Over many months, his body accepted the vast majority of his skin grafts and he regained strength. But the one attempt by a surgeon to replace scar tissue on his face had failed, Mr. Paulk felt. After nearly 30 operations in 18 months, he began to resign himself to his appearance, and prepared to return to Vista, suffering from what his doctors called “surgery fatigue.”
The program had its origins in late 2006 when a wealthy philanthropist, Ronald A. Katz, was watching a Lou Dobbs interview with a badly burned Marine named Aaron Mankin. Charmed by the Marine but appalled at the extent of his wounds, Mr. Katz’s late wife, Maddie, poked him in the ribs and practically issued an order: “You have to do something!”
The military already had a state-of-the-art burn center at Brooke. But while the center offered reconstructive surgery, its focus was on saving lives and getting the wounded back on their feet. The Department of Veterans Affairs did not provide reconstructive surgery unless it was deemed medically necessary to restore, promote or preserve health — criteria that did not seem to include making someone look better.
Mr. Paulk remained a tough sell. But the smaller indignities of his injuries made him relent when an Operation Mend representative called again. He could not open his mouth wide enough to eat a hamburger. Could Dr. Miller fix that? And what about his misshapen lips, which made it impossible for him to pronounce his own name? Dr. Miller pledged to have Mr. Paulk whistling and eating double cheeseburgers again.

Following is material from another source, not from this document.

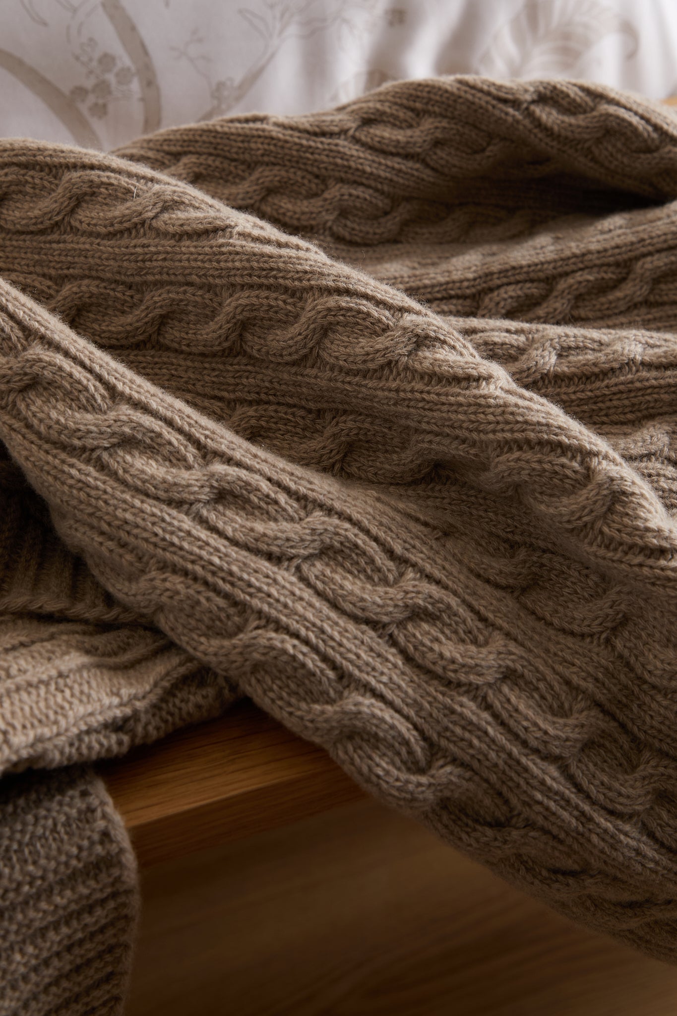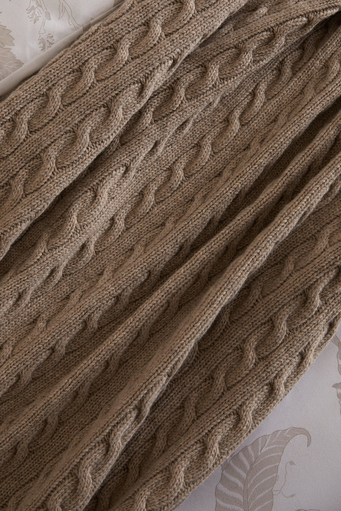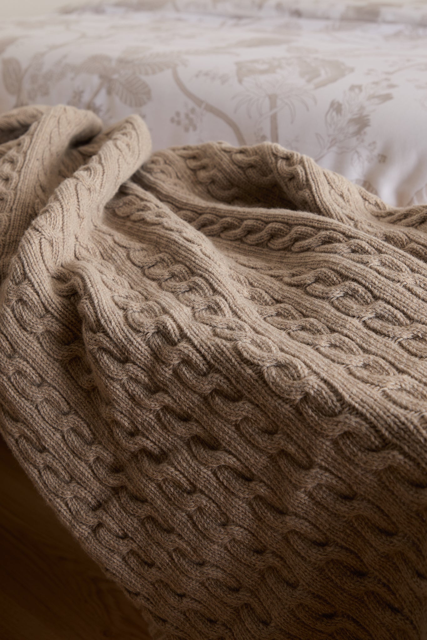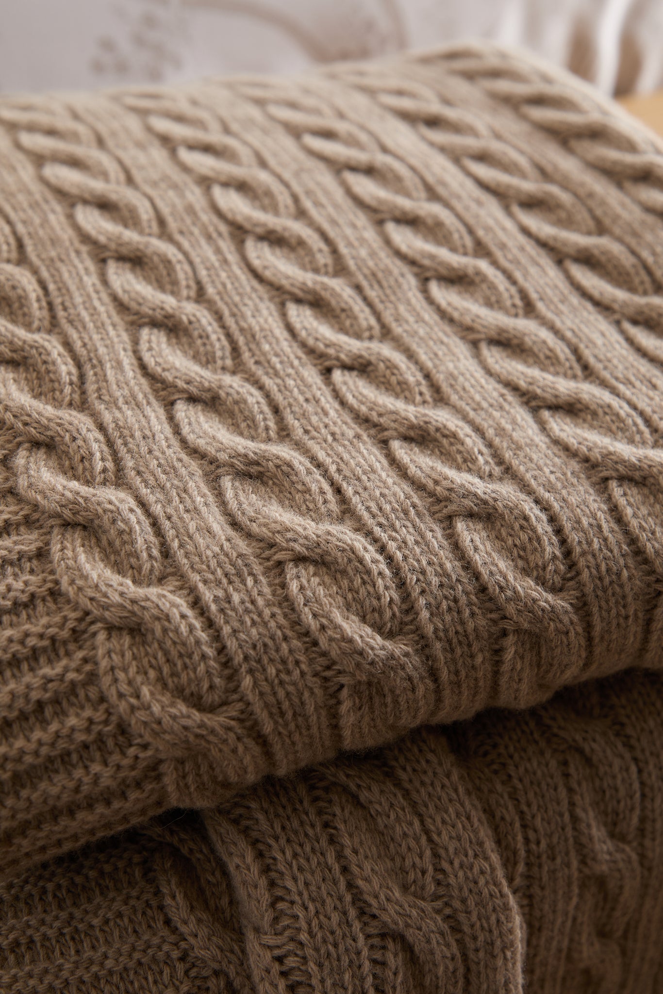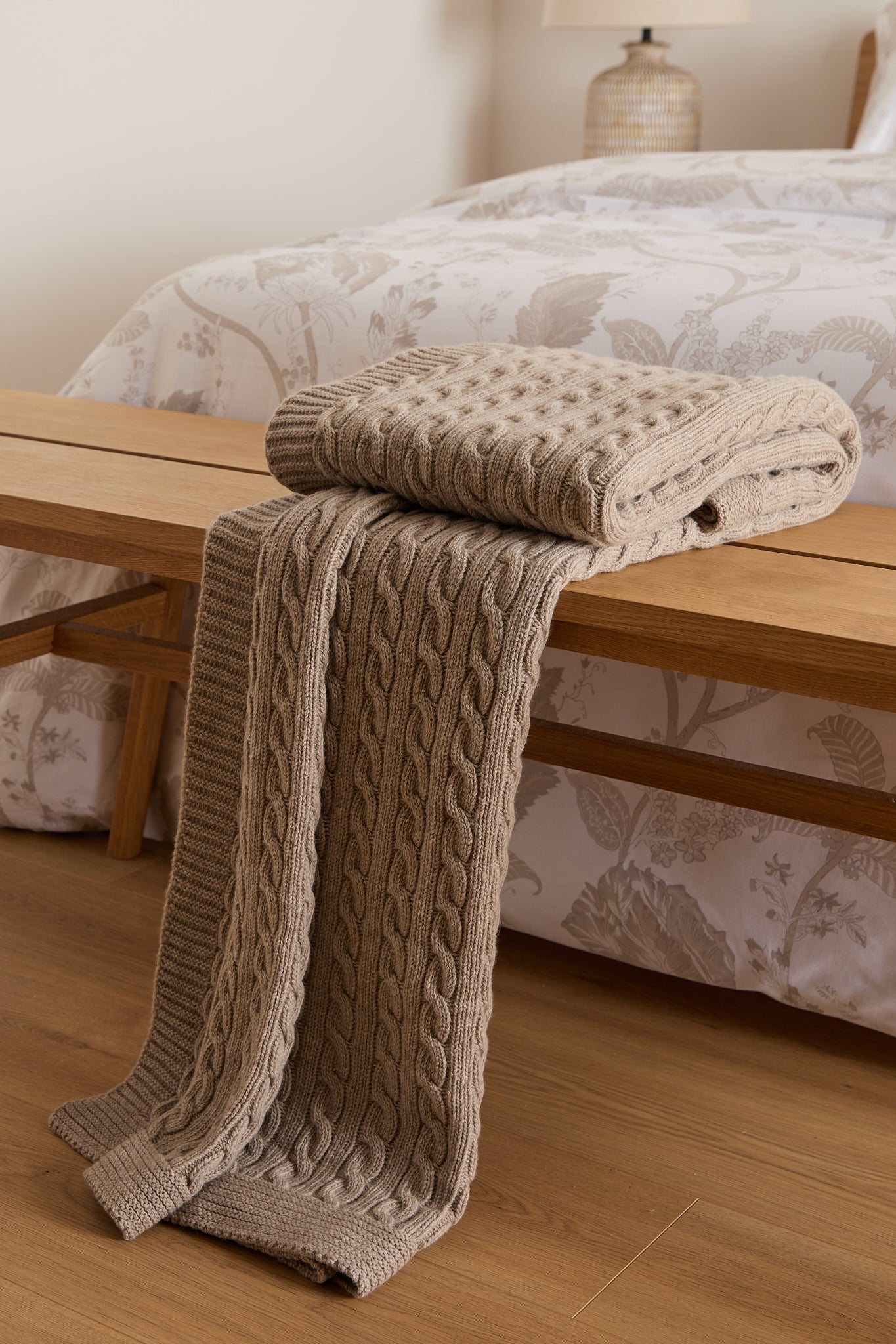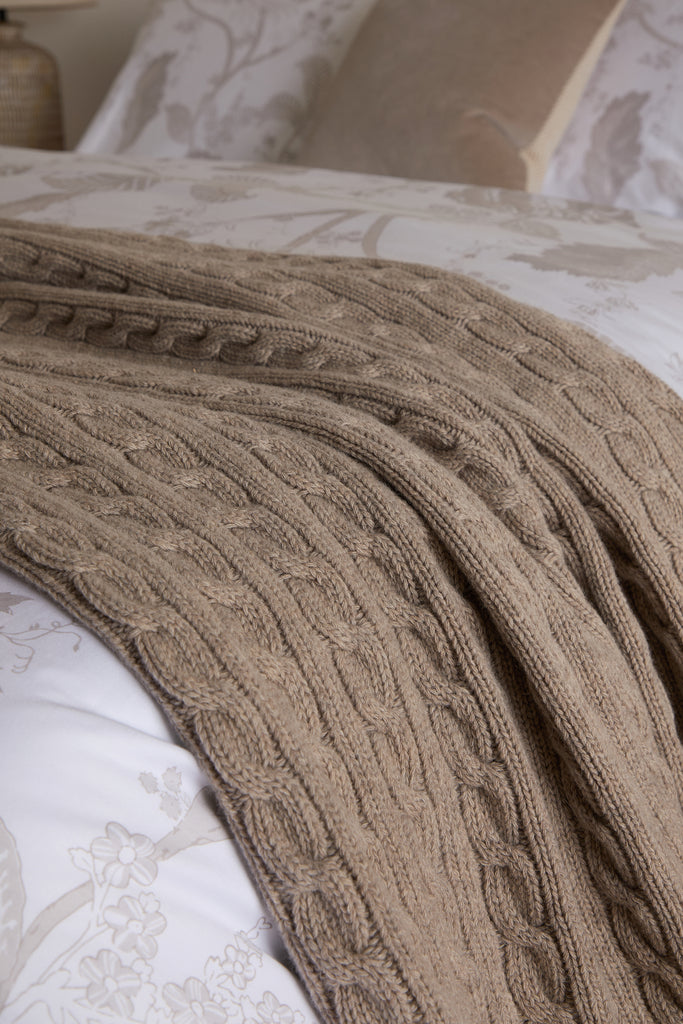The Foxford Cable Knit Beige Merino Bed Blanket (130x170 cm) is designed in Ireland, combining luxurious merino wool with expert craftsmanship. This soft, breathable blanket features a timeless cable knit pattern, offering texture and elegance. Its gentle beige shade complements a range of bedroom décors, while its perfect size makes it ideal for layering or as a standalone piece. Experience the warmth and sophistication of Irish design with a blanket that promises lasting comfort and timeless appeal for your home.

With the first surgery, Dr. Miller removed scar tissue, raising the eye lid and lower lip. With second and third operations, he improved the alignment of Mr. Paulk’s eyes and lips by replacing scars with healthy tissue. A fourth surgery implanted silicone to add definition to his chin.
At a recent checkup in Dr. Miller’s office, Mr. Paulk admired his new profile in the mirror. “From a distance, you can’t tell I was injured,” he said.
There are still uncomfortable moments. Some drunks taunted him about his looks at a baseball game, nearly starting a brawl. And Mr. Paulk admits to moments of self-consciousness about his hands. When, for instance, a little girl gawked at him at U.C.L.A. recently, he reflexively tucked his palms under his armpits.
But he has also learned how to function: to put on socks, pull up zippers and tie shoes. He can send texts and drive. He can’t play his beloved baseball, and video games remain a challenge, but he manages to catch a football and spike a volleyball with his palms.
“Sometimes I’ll hold my cup against my body so I can talk with my hands, and I’ll maneuver and pick it up and everyone thinks it’s so intriguing,” he said. “But I’m just doing what I’m doing to survive.”